The Cyprus Car Importers Association (Pasea) said the government amendments were not anti-pollution nor did they promote environmental protection. All they would achieve would be to make the road tax on second-hand cars unaffordable as road tax for a 1400cc, second-hand car would increase from €80-90 per year to anything between €300 and €600. The association has a point, because an imported second-hand with the same carbon emissions as a brand new car of the same engine power would pay anything between three and six times as much road tax, depending on its age.

Importers of new cars would be the sole beneficiaries of the decision said Pasea, claiming that the average consumer would be shut out of the car market. This might be an exaggeration, but it does not make the decision any more justifiable. In a way, the big tax on second-hand cars is in conflict with the decision to lower fuel consumption tax, which it was argued would benefit low income families as it would make petrol cheaper. Cheaper petrol was necessary given the poor public transport, said one deputy. But do not low income families have a right to a lower-priced car given the poor public transport?

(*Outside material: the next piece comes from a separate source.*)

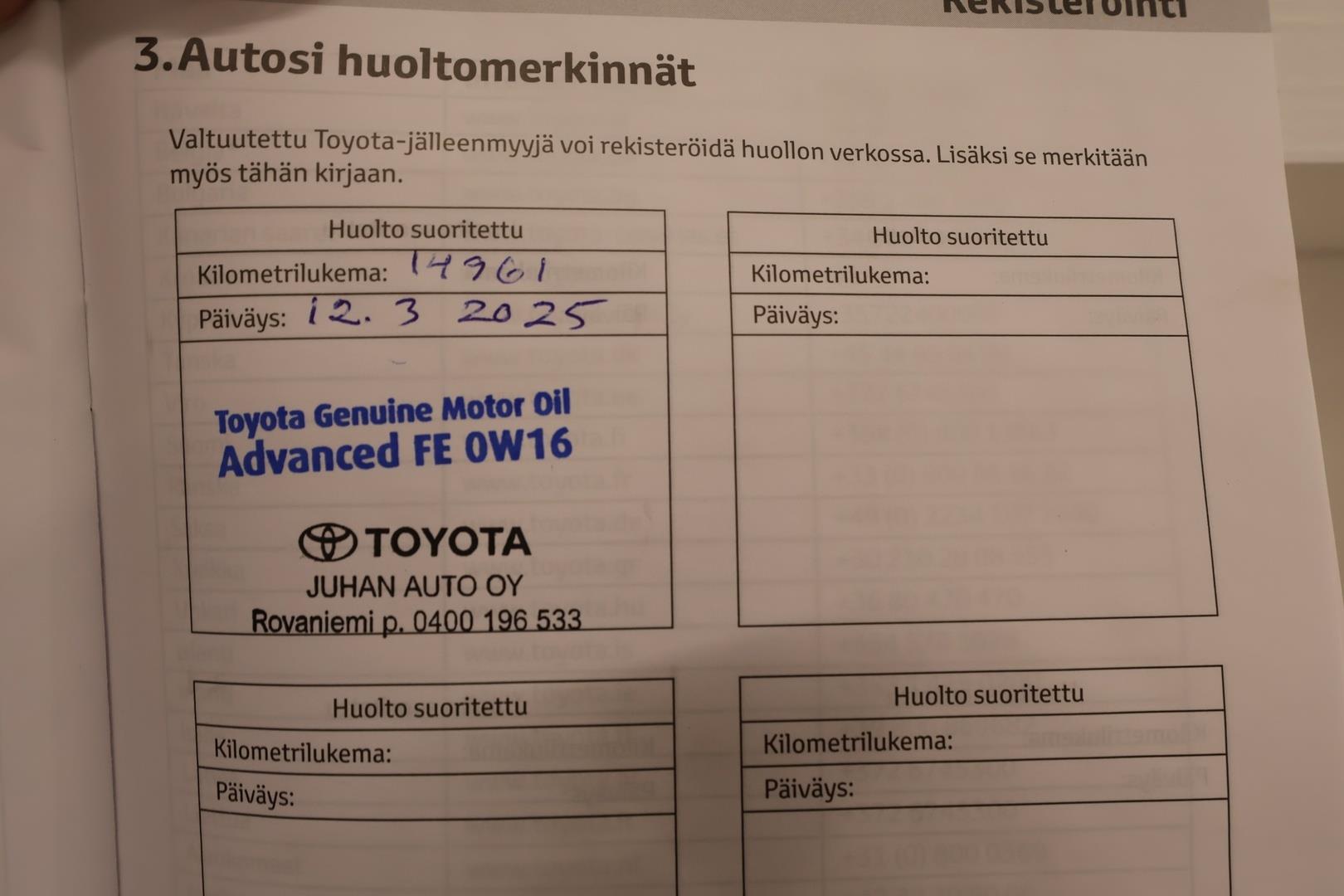 Täydellinen merkkiliikkeen huoltokirja |

These contradictions indicate there is no real government policy to lower carbon emissions and protect the environment. For instance, the higher road tax will not be imposed on a car already in circulation, even if its carbon emissions were high. This would suggest that the primary concern was to force people to buy new cars by making the road tax for imported, second-hand cars unaffordable. It is a slapdash policy that will make it more difficult for people on low incomes to buy a relatively decent second-hand car, while doing little to reduce pollution, raising serious questions about the reasoning behind it.

The second hand car dealers have pledged to fight the amendment and we are certain there will be no shortage of deputies that will back them, and they will be correct to do so.